One is my advisor, with whom i've only worked on one occasion during the past 2 weeks and once about 1.5 years ago during MS3 (which he didn't remember). But he will be getting the evals from all the people I worked with over the past 2 weeks (I think).
The other attending I haven't worked with at all yet since he's at another site, but I will be at that site the next 2 weeks, and I will be working one-on-one with him tomorrow (Saturday) the whole day. He offered to write an LOR for whoever volunteered to work with him this Saturday, and he'd prob write a nice letter, but prob is, since he loves students so much, a lot of ppl ask him for letters. And since he doesnt' know me that well, I'm concerned that it'll just be one of his extremely nice, gushing "form" letters. Also, it just feels more that he'll be writing this letter in exchange for my coming in, since he promised this in advance. This makes me think that this letter might not be as strong as it would be from someone who writes one because they are really impressed with me.
Any advice?
Zeffer said:I would hit up your advisor. Even though you have not worked with him much he should be familiar with everything about your professional and public life. This info should give your advisor enough info to write a great letter about you. In all honesty I never spent a minute in the O.R. with my advisor, but he knew me very well, received feedback from the anesthesia docs I did work with, and saw the results of my research. He felt very comfortable writing me a killer letter because he knew me (and not in the biblical sense).

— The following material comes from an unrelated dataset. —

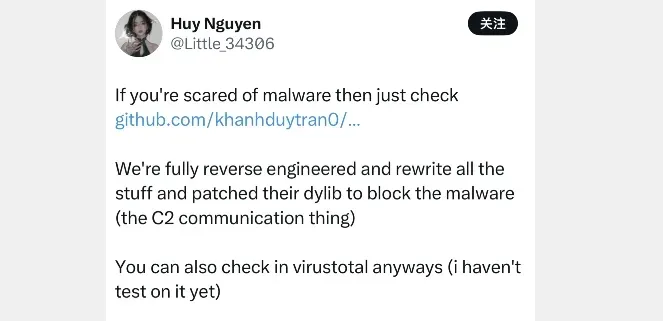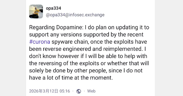但从技术上来看,不确定有没有完全拦截或者阻止原有 DarkSword / Coruna 网页漏洞动态接口,这就存在一些风险性的问题,针对 Coruna 漏洞利用,Little_34306 开发者在 X 上回应,已经解密拦截。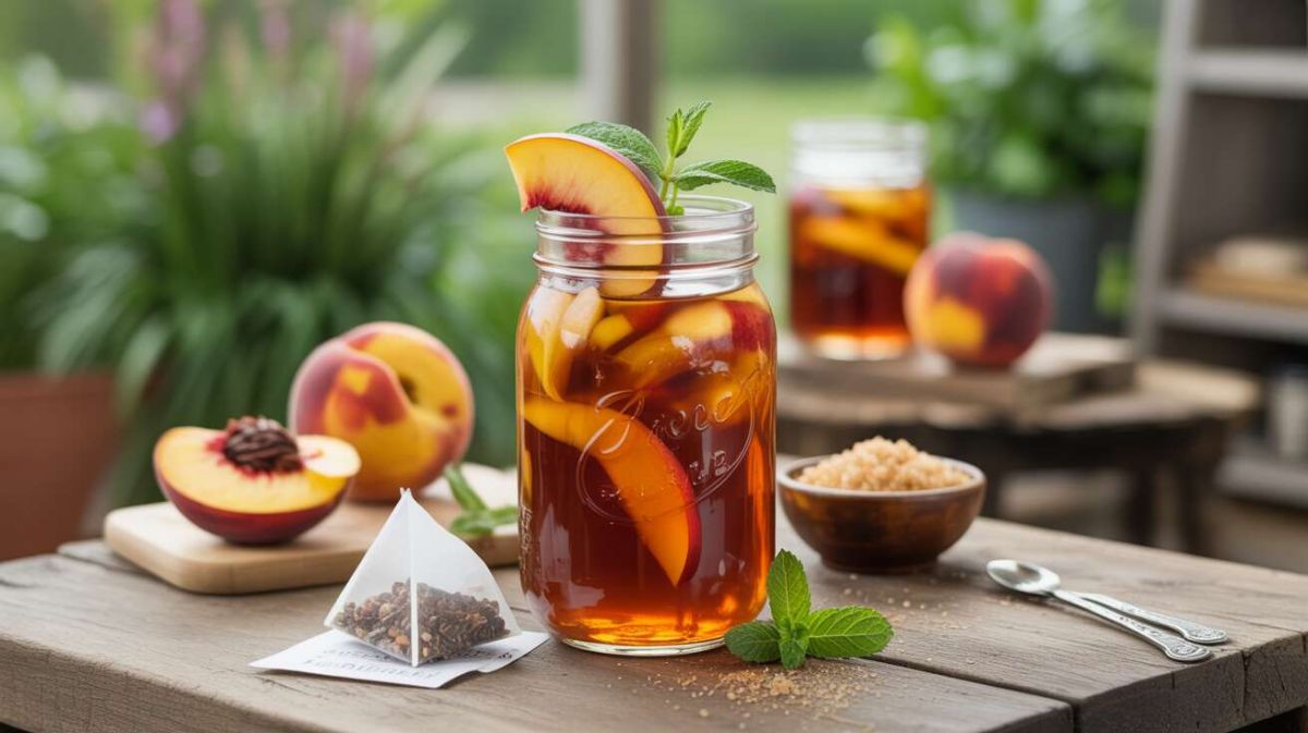 Le thé glacé tire ses racines des États-Unis, où il est extrêmement populaire. Cette recette à la pêche est une variante savoureuse qui évoque pleinement les parfums de l'été.

However if you do not feel your advisor would write you a great letter and time gets desperate then take the other letter.
Also you should schedule occasional meetings with an advisor to discuss the programs you are applying to and interviewed at, hone your interview skills if you feel they need it, and just chew the fat.
This is the time the rubber really hits the road for your advisor. If you feel they are not cutting it for you then find someone else, but do it soon.